PROBLEM DETAILS: A verbatim transcript of the data that follows, free of images, is the expected result.

DATA EXTRACT:

= = = =

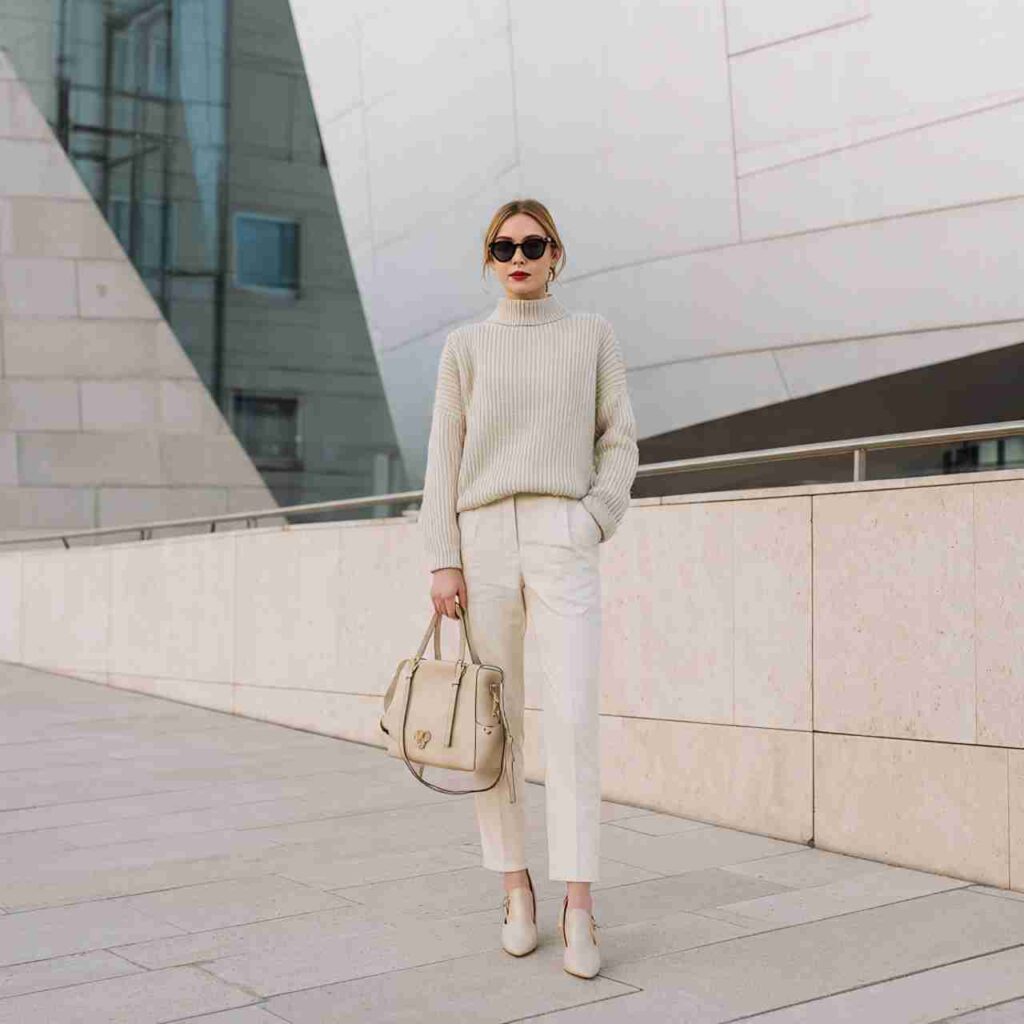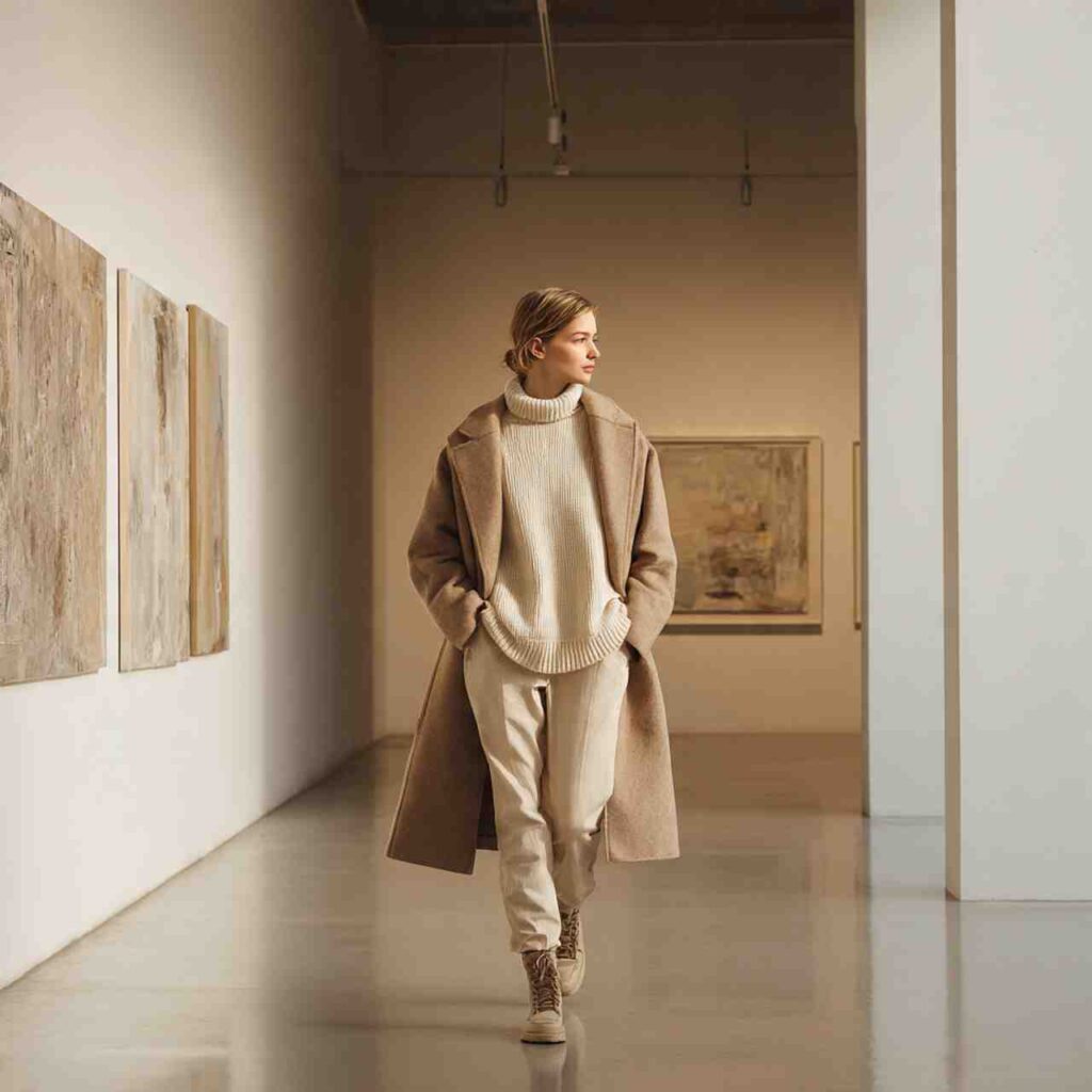Head-to-toe coordinated neutrals—cream knit, beige trousers, tan coat—creates sophisticated minimalism central to Scandinavian and German aesthetic.
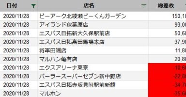 【関東】2020/11/28(土)出したお店まとめ関東の店舗都県 日付 店舗 総差枚 平均差枚 東京 2020/11/28 ピーアーク北綾瀬ピーくんガーデン 150,100 400 東京 2020/11/28 アイランド秋葉原店 93,000 250 東京 2... -
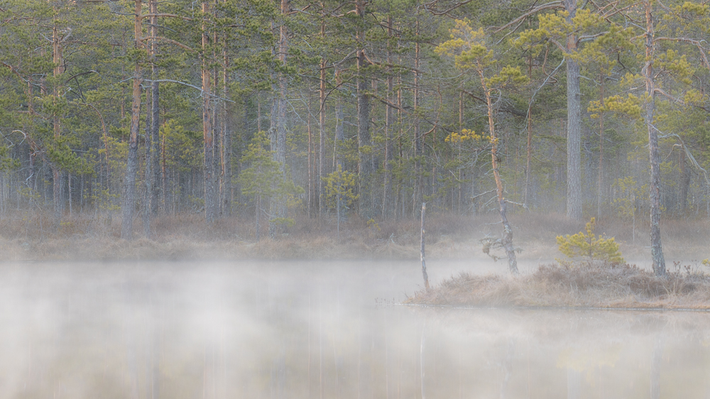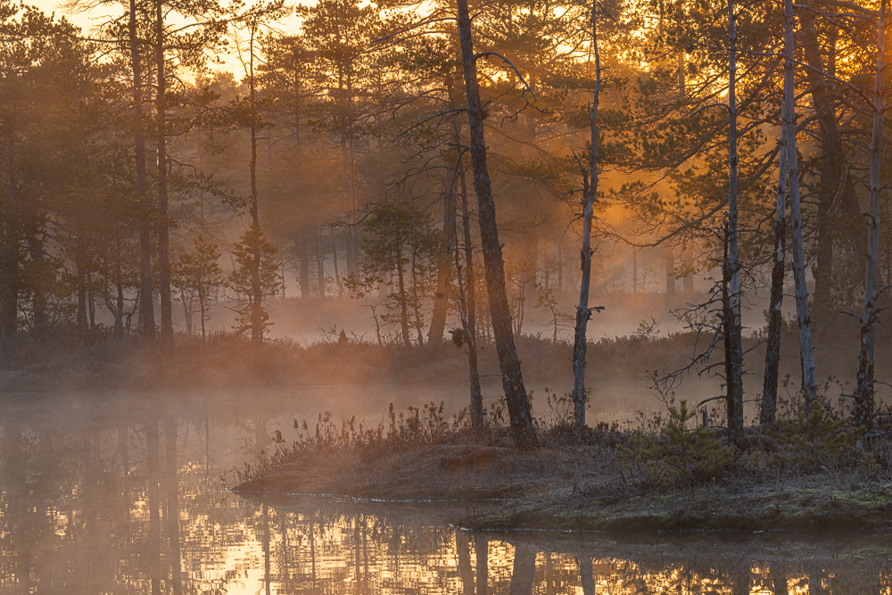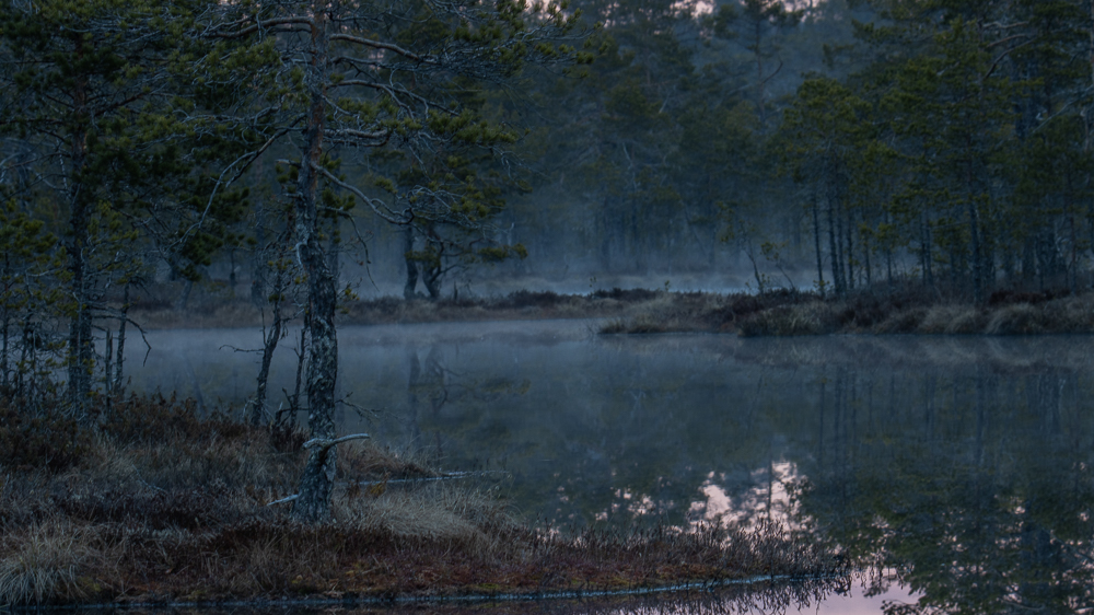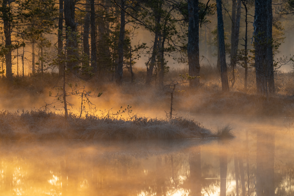 Det ljusnar så smått och himlen framför oss färgas rosa. Det är lite kyligt, men helt vindstilla och alla ljud blir märkligt stora. På den svarta gölens vatten bjuder dimmälvorna upp till dans och i bakgrunden hör vi smålomen ropa. Vi är 5 fotografer på workshop med Foto Magica och Mattias Sjölund, klockan är 4 på morgonen och vi står framför en av dom större gölarna vid Knuthöjdsmossen.

= = = =

TASK ANSWER:
Head-to-toe coordinated neutrals—cream knit, beige trousers, tan coat—creates sophisticated minimalism central to Scandinavian and German aesthetic.
 【関東】2020/11/28(土)出したお店まとめ関東の店舗都県 日付 店舗 総差枚 平均差枚 東京 2020/11/28 ピーアーク北綾瀬ピーくんガーデン 150,100 400 東京 2020/11/28 アイランド秋葉原店 93,000 250 東京 2... -
 Det ljusnar så smått och himlen framför oss färgas rosa. Det är lite kyligt, men helt vindstilla och alla ljud blir märkligt stora. På den svarta gölens vatten bjuder dimmälvorna upp till dans och i bakgrunden hör vi smålomen ropa. Vi är 5 fotografer på workshop med Foto Magica och Mattias Sjölund, klockan är 4 på morgonen och vi står framför en av dom större gölarna vid Knuthöjdsmossen.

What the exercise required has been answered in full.